Another well-established exception to the general rule of jurisdictional divestiture further supports the district court's exercise of jurisdiction in this case. The exception provides that, notwithstanding an appeal, the district court retains jurisdiction to the extent necessary to enforce its judgment which has not been stayed. See Resolution Trust Corp. v. Smith, 53 F.3d 72, 76 (5th Cir.1995); American Town Ctr. v. Hall 83 Assocs., 912 F.2d 104, 110-11 (6th Cir.1990); Deering Milliken, Inc. v. FTC, 647 F.2d 1124, 1128-29 (D.C.Cir.), cert. denied, 439 U.S. 958, 99 S. Ct. 362, 58 L. Ed. 2d 351 (1978).
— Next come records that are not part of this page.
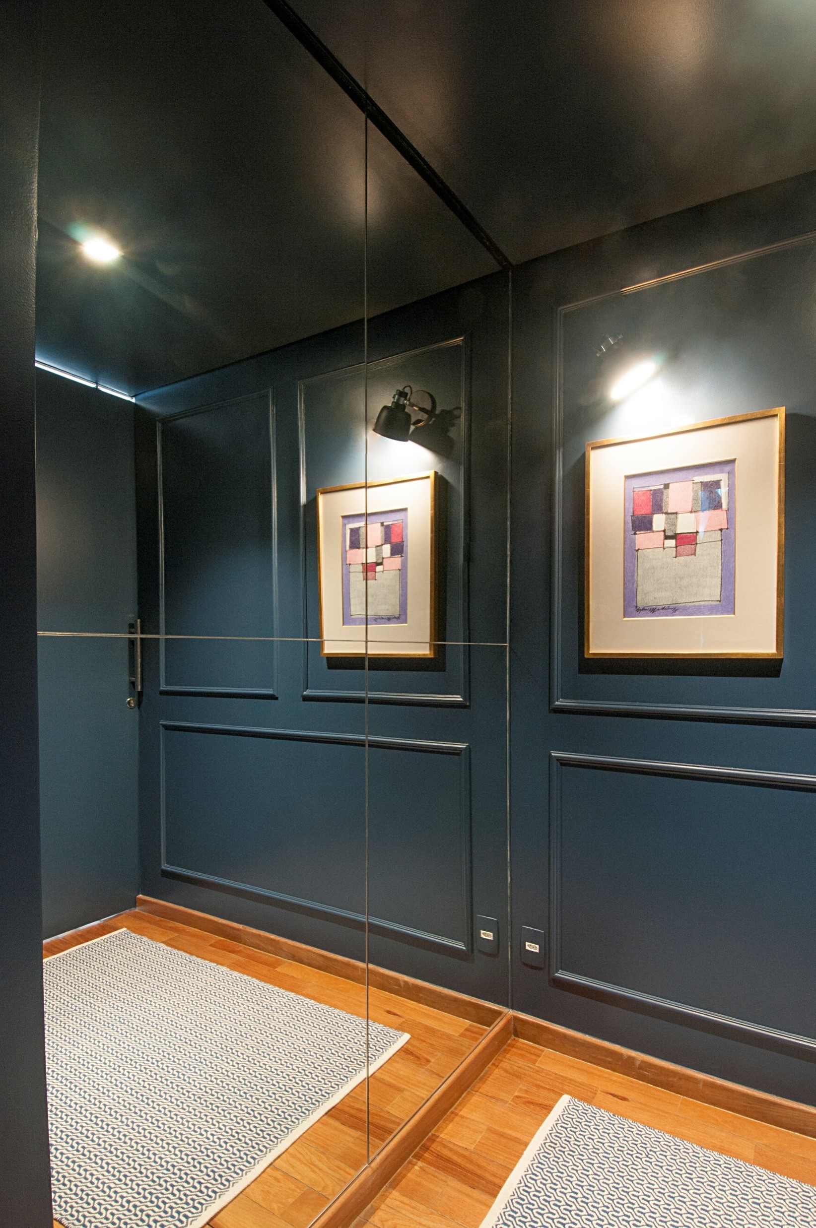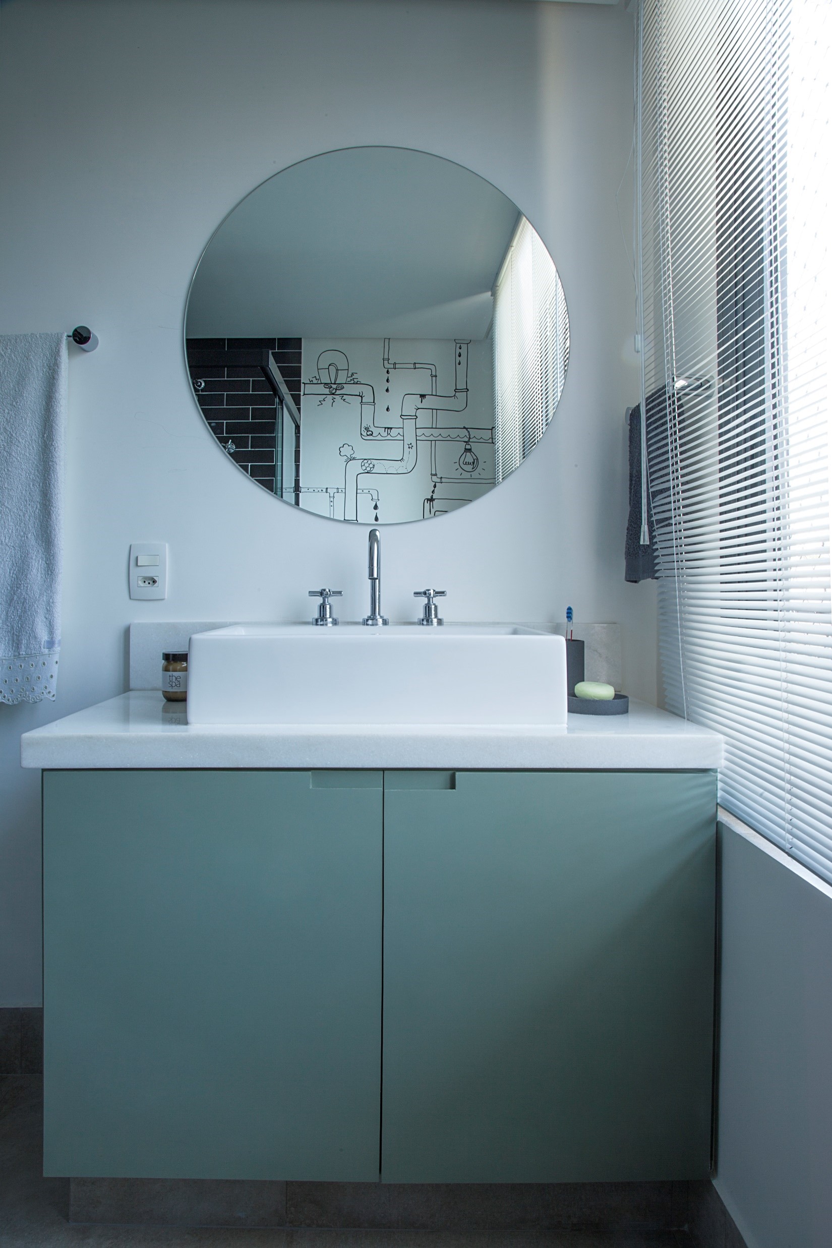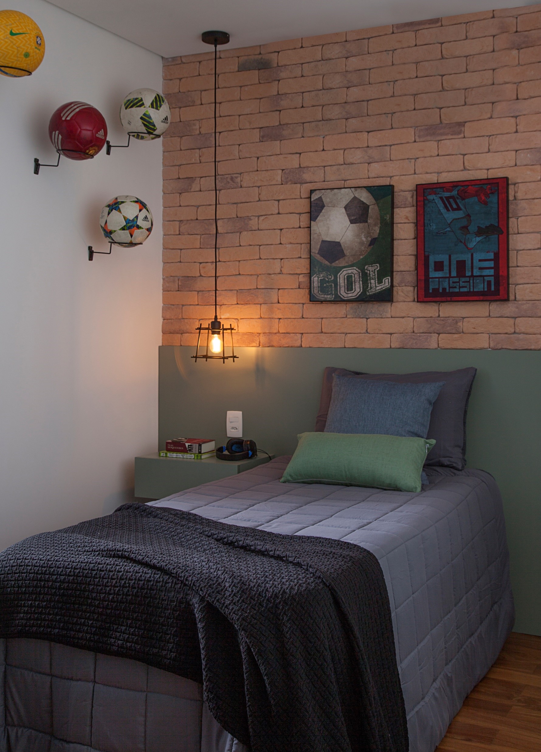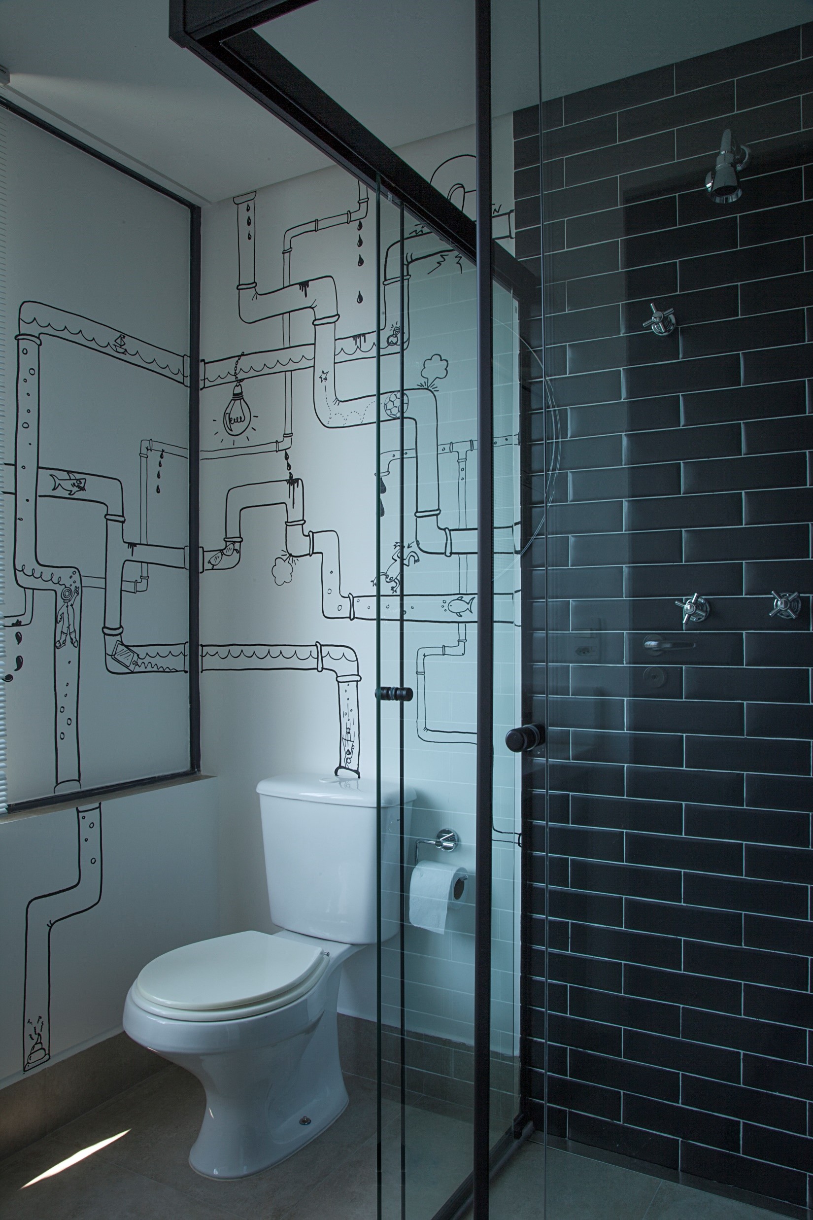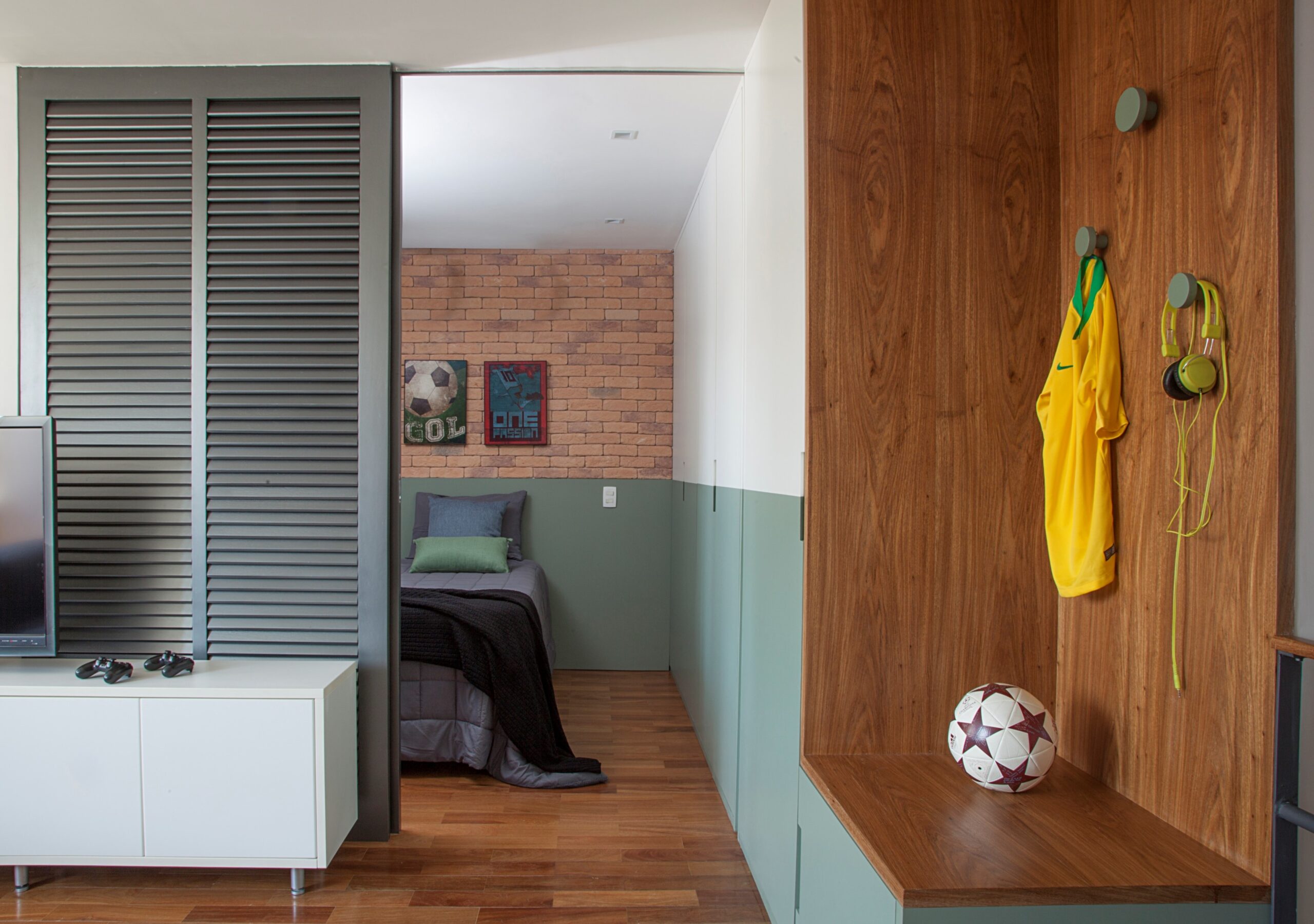 Reforma de sala para acomodar sala de TV, quarto para menino adolescente e banheiro. Portas de correr com veneziana basculante separando a sala do quarto. Grafite no banheiro feito pela Arquiteta Luciana Uras.
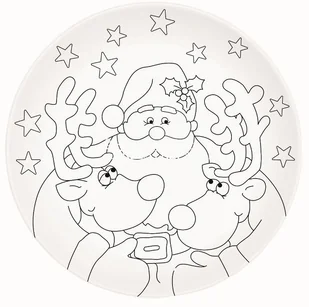 Porcelanowy talerzyk, z kolekcji ART & COLOUR ŚWIĘTA, w kolorze białym, ozdobiony czarnym konturem Świętego Mikołaja. Dostępny wraz z zestawem farb i pędzelkiem - do własnoręcznego pomalowania. Talerz znajduje się w pudełeczku, z podobnym motywem.
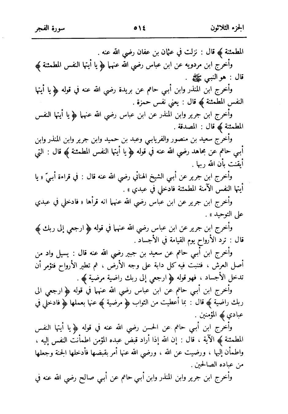 وَأخرج ابْن مرْدَوَيْه عَن ابْن عَبَّاس رَضِي الله عَنْهُمَا {يَا أيتها النَّفس المطمئنة} قَالَ: هُوَ النَّبِي صلى الله عَلَيْهِ وَسلم
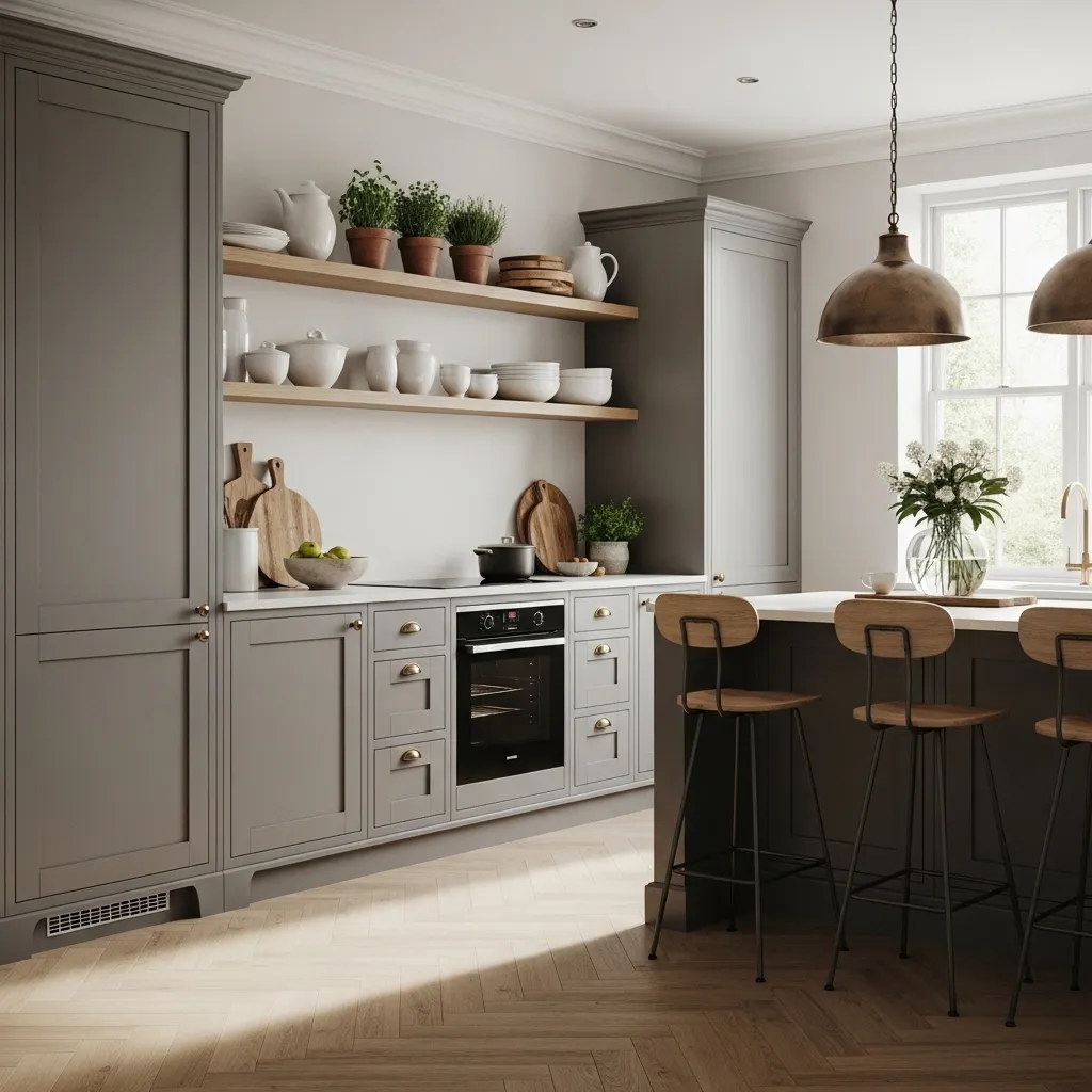 Design Tip: Grey open shelving creates an elegant yet functional storage solution for your kitchen. Whether used for displaying cookware, glassware, or decorative items, open shelves offer a practical and stylish way to organize your kitchen. The grey color adds a contemporary touch while keeping the space looking open and airy.
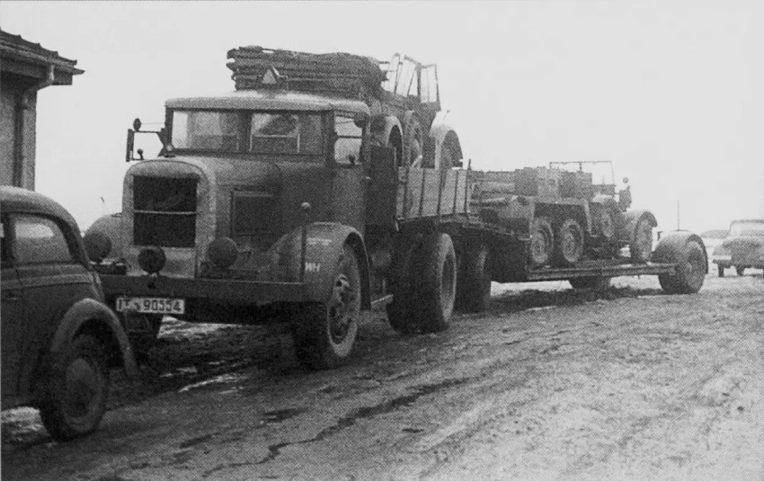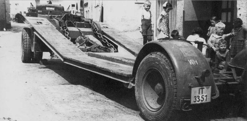 На фотографиях запечатлён эпизод работы немецкого эвакуатора. Легковой автомобиль офицера Люфтваффе вышел из строя и теперь эвакуируется с помощью одного из тяжёлых низкорамных прицепов вермахта – Sd.Ah. 115 в 10-тонном варианте. Sd.Ah. 115 (Sonderanhänger 115 – специальный прицеп 115) – это тяжёлый низкорамный трал, разработанный фирмой Goldhofer и производившийся с 1937 года. 10-тонная версия предназначалась для перевозки лёгкой и средней бронетехники, повреждённых автомобилей и тяжёлых грузов. Прицеп имел низкую погрузочную платформу, аппарели для заезда и мог буксироваться мощными полугусеничными тягачами (например, Sd.Kfz. 7 или Sd.Kfz. 9)
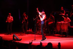 Una fenomenal banda acompaña a Guerra. Nada menos que 15 miembros de la 4.40 que dieron todo un espectáculo con sus instrumentos. Pero el dominicano no se quedó atrás y dio varias clases de cómo tocar la guitarra junto al saxofonista. Poco a poco el concierto era ya todo un espectáculo coreado por el público, donde se veía a muchos latinos y a gente de todas las edades. No faltaron temas como «La llave de mi corazón”, “Como yo”, “A pedir su mano”, “Para ti”, sin olvidarse de sus temas tan conocidos como “Costo de la vida”, “Visa para un sueño” o “La bilirrubina”. Esta era la última prevista para la despedida, pero el público quería más. Y Juan Luis Guerra regresó cerrando con tres bises largos que fueron muy agradecidos y bailados. Al final la gente se fue contentísima a casa, demostrando el dominicano su entrega en el escenario y lo bien que baila pese a su cuerpo típico de jugador de baloncesto. Como nos dijo una vez en Málaga «de no haber triunfado en la música me hubiera tocado jugar al basket». Afortunadamente la música ganó y la canasta perdió.
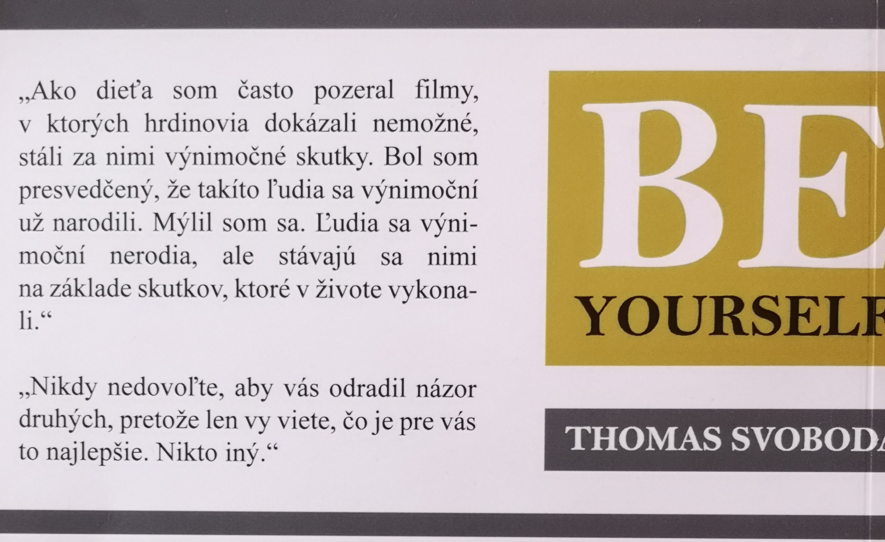 Ako to už ale v živote býva, nie všetko ide podľa nášho plánu. Mojou achillovou pätou bola moja naivná dôvera voči partnerom. Som však vďačný za všetko, čo sa mi stalo, pretože ma to zmenilo, posilnilo a naučilo byť za všetko vďačný. Sú to práve skúsenosti, ktoré ma priviedli k presvedčeniu zamerať sa v živote na to, čo mi dáva význam a zároveň ma robí šťastným. Moje životné presvedčenie a hodnoty ma priviedli k myšlienke napísať knihu Be Yourself.

Here, both the district court and this court had previously denied appellants' motion for a stay of the imposition of contempt sanctions pending appeal. When it ordered the payment of fines, the district court did not expand upon its earlier contempt order--it simply entered the payment order in support of its earlier judgment. The district court retained this power to enforce its earlier order, notwithstanding the appeal.

III. CONCLUSION

12

Because the order appealed from was a nonappealable order, we dismiss this appeal for lack of jurisdiction.

1

Herby Branscum, Jr., P.A. is the professional association in which Herby Branscum, Jr. practices law

2

The Honorable Stephen M. Reasoner, United States District Judge for the Eastern District of Arkansas

3

The subpoenas were issued in June 1995. Appellants did not comply with those subpoenas until December 1995. Significantly, appellants' compliance was achieved only through the district court's order requiring the payment of the contempt fines

4

The appellants cite only two cases in support of their argument that the district court lacked jurisdiction to enter the December 5 order. See Donovan v. Mazzola, 761 F.2d 1411, 1414 (9th Cir.1985); Shuffler v. Heritage Bank, 720 F.2d 1141, 1145 (9th Cir.1983). Initially, we note that case law from the Ninth Circuit is not binding upon this court. Secondly, we point out that other Ninth Circuit case law supports our decision. See, e.g., Hoffman v. Beer Drivers and Salesmen's Local Union No. 888, 536 F.2d 1268, 1276-77 (9th Cir.1976) (cited with approval in Board of Educ. v. Missouri, 936 F.2d at 996). As the Hoffman court noted:

[I]n the kinds of cases where the court supervises a continuing course of conduct and where as new facts develop additional supervisory action by the court is required, an appeal from the supervisory order does not divest the district court of jurisdiction to continue its supervision, even though in the course of that supervision the court acts upon or modifies the order from which the appeal is taken.

Hoffman, 536 F.2d at 1276. Consequently, appellants' reliance on Donovan and Shuffler is misplaced.